Task details:
Restate word for word the lines below that run from the one holding "Otro sube un" through the one holding "A Lumocolor termékcsalád", inclusive. Pictures don't belong in the copy.

Data in this exercise Block Start

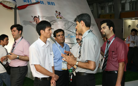 • 美的照明光亞展現(xiàn)場與海外客戶交流
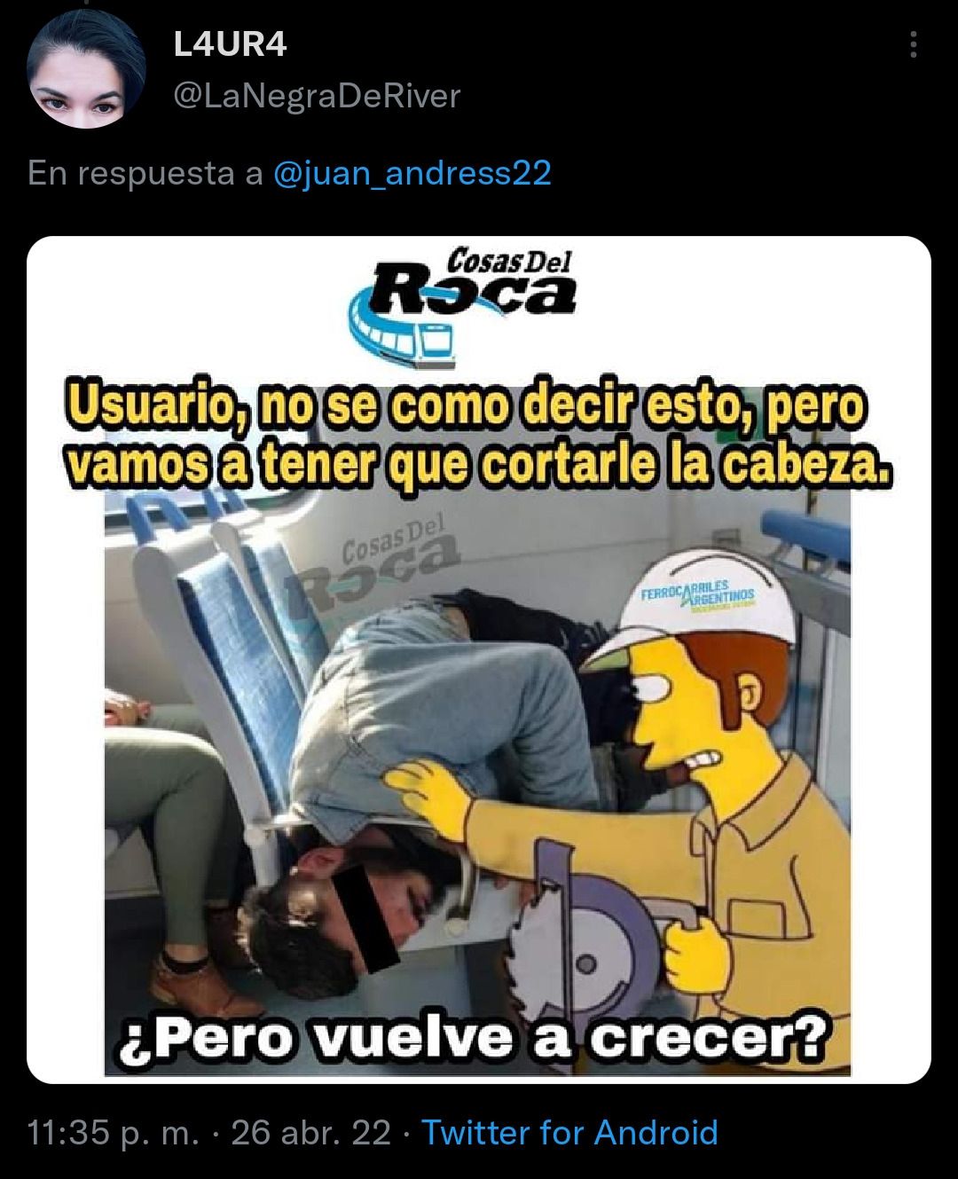 Otro sube un meme que contiene un diálogo de Los Simpson: "Usuario, no sé cómo decir esto, pero vamos a tener que cortarle la cabeza". Además, bromea con una falsa respuesta del joven: "¿Pero vuelve a crecer?"
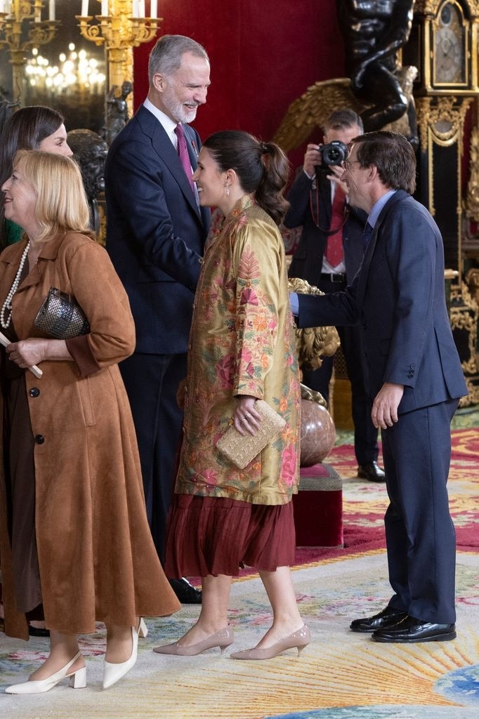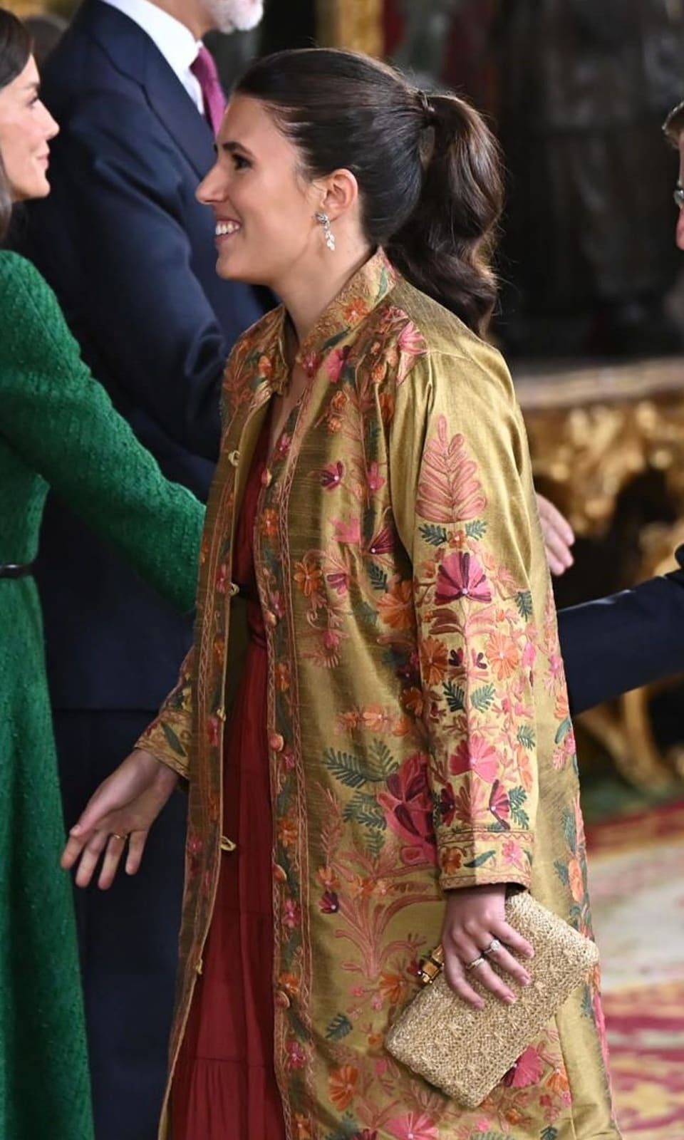 En el besamanos de los Reyes en el Palacio Real, Teresa Urquijo apostó por un kimono bordado de inspiración asiática en tono dorado, combinado con un vestido midi burdeos de corte clásico, muy acorde a la estación. Remató con salones, bolso de mano de rafia y una coleta sencilla, respetando la formalidad del acto. La elección de tejidos, gama cromática y referencias culturales aportó un matiz diferencial dentro del protocolo, coherente con las apariciones de figuras del entorno político y social de la capital.
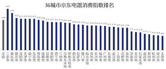 把各城市的指數一排列,研究者發現,指數最高的居然不是北上廣深等頂級大都市——實際上完全相反,北上廣深整體電器消費指數均偏低,而三亞、銀川、南寧、昆明、西寧、呼和浩特這些城市的電器消費指數都位居前列。
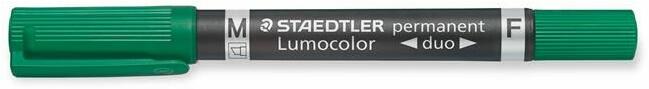 A Lumocolor termékcsalád alkoholos markerei igazán intenzív színeket biztosítanak a tartós jelöléshez gyakorlatilag bármilyen felületen. -kétvégű marker könnyen kezelhetõ méretben -kiváló vízálló tulajdonságú és nem kenõdik el -másodpercek alatt szárad, így balkezeseknek is ajánlott -intenzív színek -enyhe illatú -a fekete szín fényálló -PP tolltest és kupak g
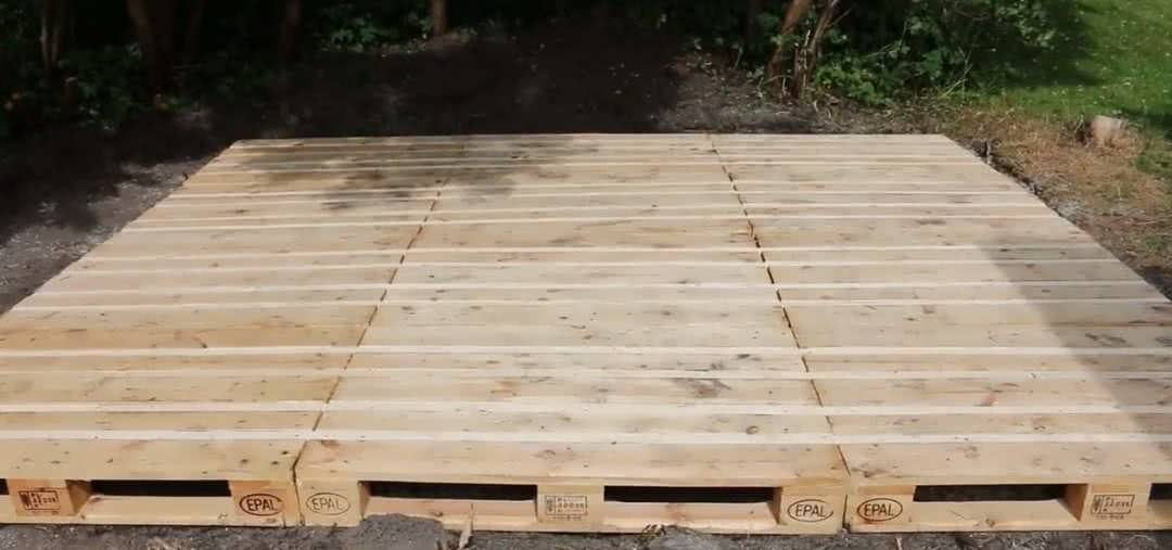 Беседка может быть сделана из цельных поддонов, опорных металлических или деревянных опор, процесс займет не более двух дней. Существует второй вариант: использование паллетов исключительно для возведения крыши и основания. Мастер класс подготовки участка:
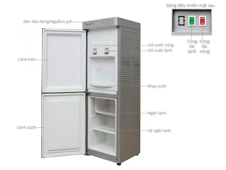Ngăn dưới của cây nước này là ngăn chứa đồ, là nơi để ly các vật dụng liên quan, như cafe, đường,…

Data in this exercise Block End

Final answer:
 Otro sube un meme que contiene un diálogo de Los Simpson: "Usuario, no sé cómo decir esto, pero vamos a tener que cortarle la cabeza". Además, bromea con una falsa respuesta del joven: "¿Pero vuelve a crecer?"
 En el besamanos de los Reyes en el Palacio Real, Teresa Urquijo apostó por un kimono bordado de inspiración asiática en tono dorado, combinado con un vestido midi burdeos de corte clásico, muy acorde a la estación. Remató con salones, bolso de mano de rafia y una coleta sencilla, respetando la formalidad del acto. La elección de tejidos, gama cromática y referencias culturales aportó un matiz diferencial dentro del protocolo, coherente con las apariciones de figuras del entorno político y social de la capital.
 把各城市的指數一排列,研究者發現,指數最高的居然不是北上廣深等頂級大都市——實際上完全相反,北上廣深整體電器消費指數均偏低,而三亞、銀川、南寧、昆明、西寧、呼和浩特這些城市的電器消費指數都位居前列。
 A Lumocolor termékcsalád alkoholos markerei igazán intenzív színeket biztosítanak a tartós jelöléshez gyakorlatilag bármilyen felületen. -kétvégű marker könnyen kezelhetõ méretben -kiváló vízálló tulajdonságú és nem kenõdik el -másodpercek alatt szárad, így balkezeseknek is ajánlott -intenzív színek -enyhe illatú -a fekete szín fényálló -PP tolltest és kupak g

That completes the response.